What to work on –
For the material below, the expected output is exactly the lines between the line holding "微财将产研全生命周期划分为需" and the line holding "Flowers 3 acryl", inclusive, with pictures left out.

Input for this task –
= = =

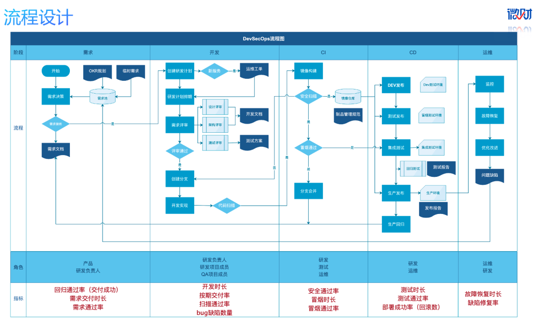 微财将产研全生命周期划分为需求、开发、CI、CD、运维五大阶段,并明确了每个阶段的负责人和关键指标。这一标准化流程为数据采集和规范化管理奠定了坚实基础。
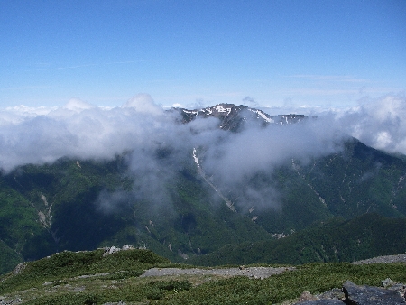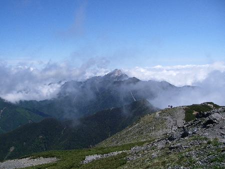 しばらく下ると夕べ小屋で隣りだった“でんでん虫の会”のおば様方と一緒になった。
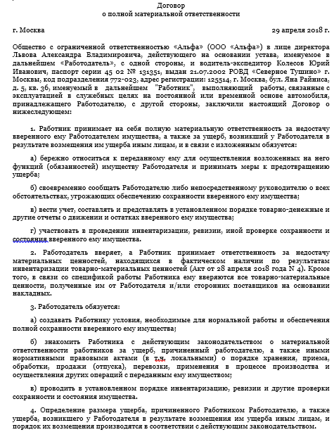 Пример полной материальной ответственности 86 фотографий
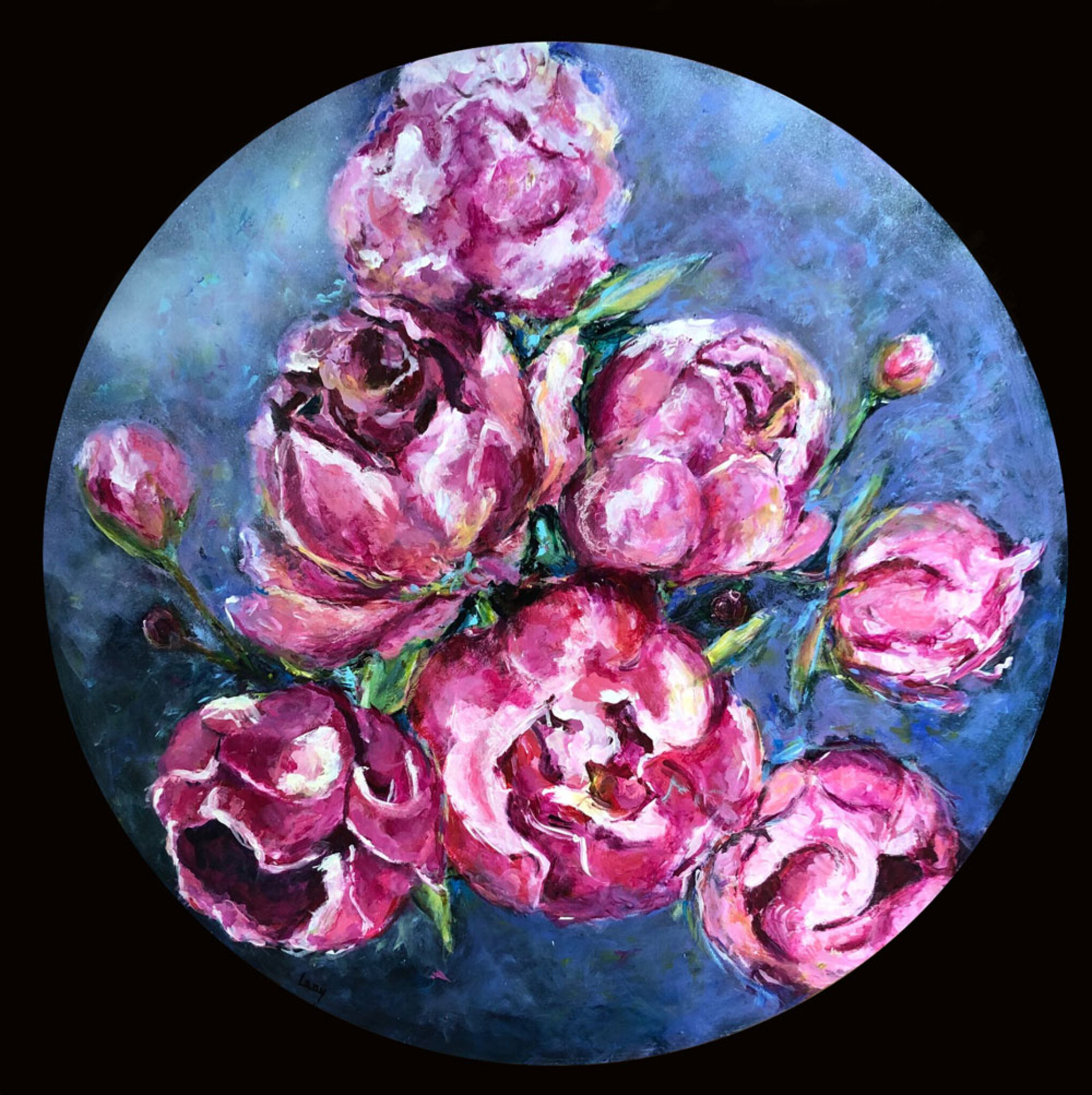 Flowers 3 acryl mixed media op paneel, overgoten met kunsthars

= = =

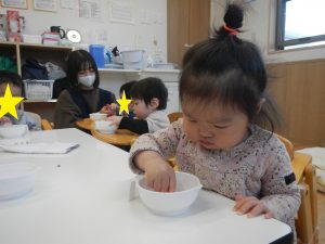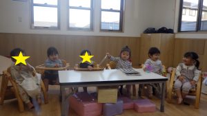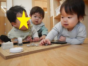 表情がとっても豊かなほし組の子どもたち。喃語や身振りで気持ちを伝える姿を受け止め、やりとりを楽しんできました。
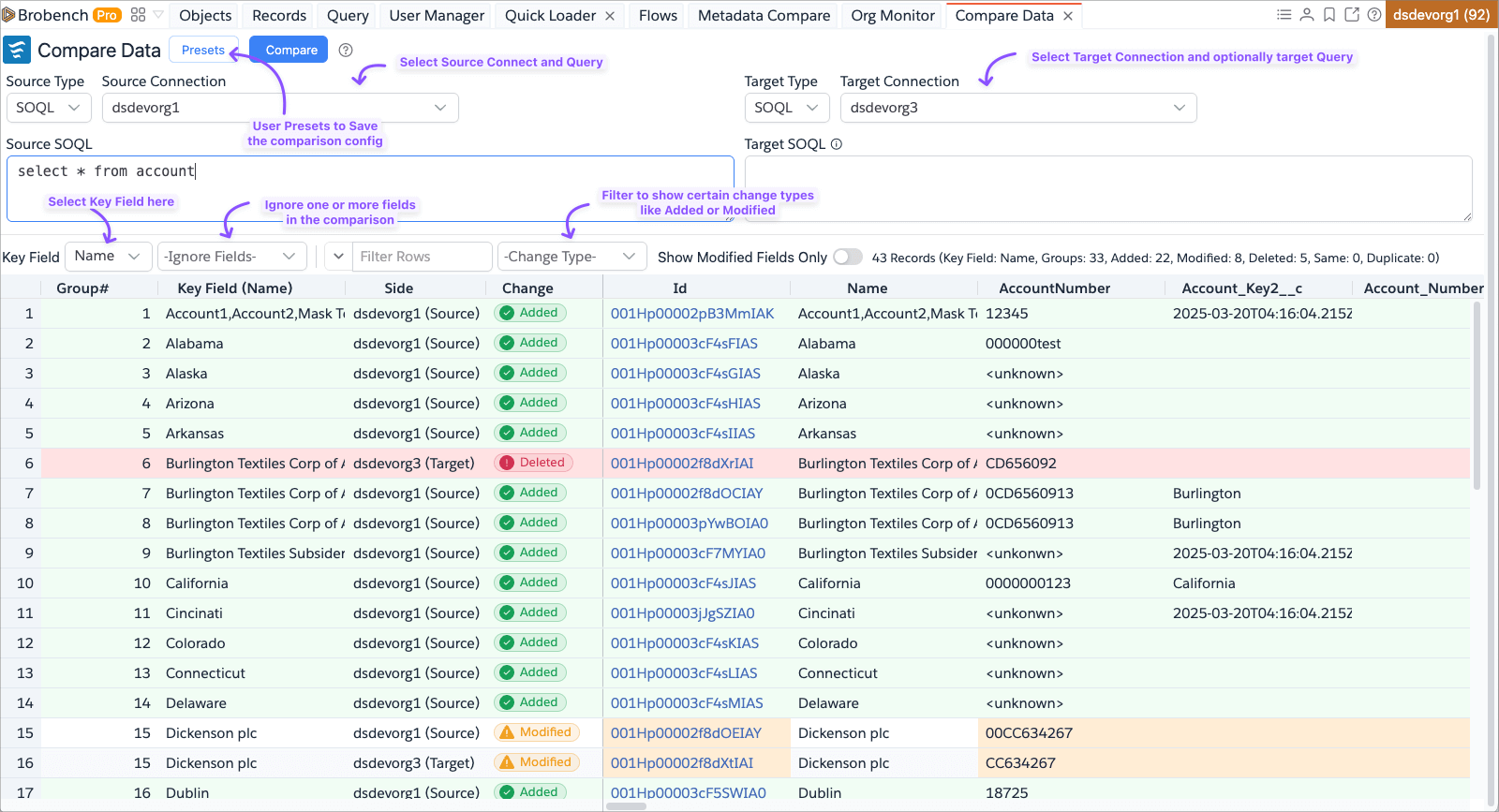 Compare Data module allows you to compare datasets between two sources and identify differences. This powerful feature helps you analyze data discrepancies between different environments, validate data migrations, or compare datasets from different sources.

= = =

Exercise answer –
 微财将产研全生命周期划分为需求、开发、CI、CD、运维五大阶段,并明确了每个阶段的负责人和关键指标。这一标准化流程为数据采集和规范化管理奠定了坚实基础。
 しばらく下ると夕べ小屋で隣りだった“でんでん虫の会”のおば様方と一緒になった。
 Пример полной материальной ответственности 86 фотографий
 Flowers 3 acryl mixed media op paneel, overgoten met kunsthars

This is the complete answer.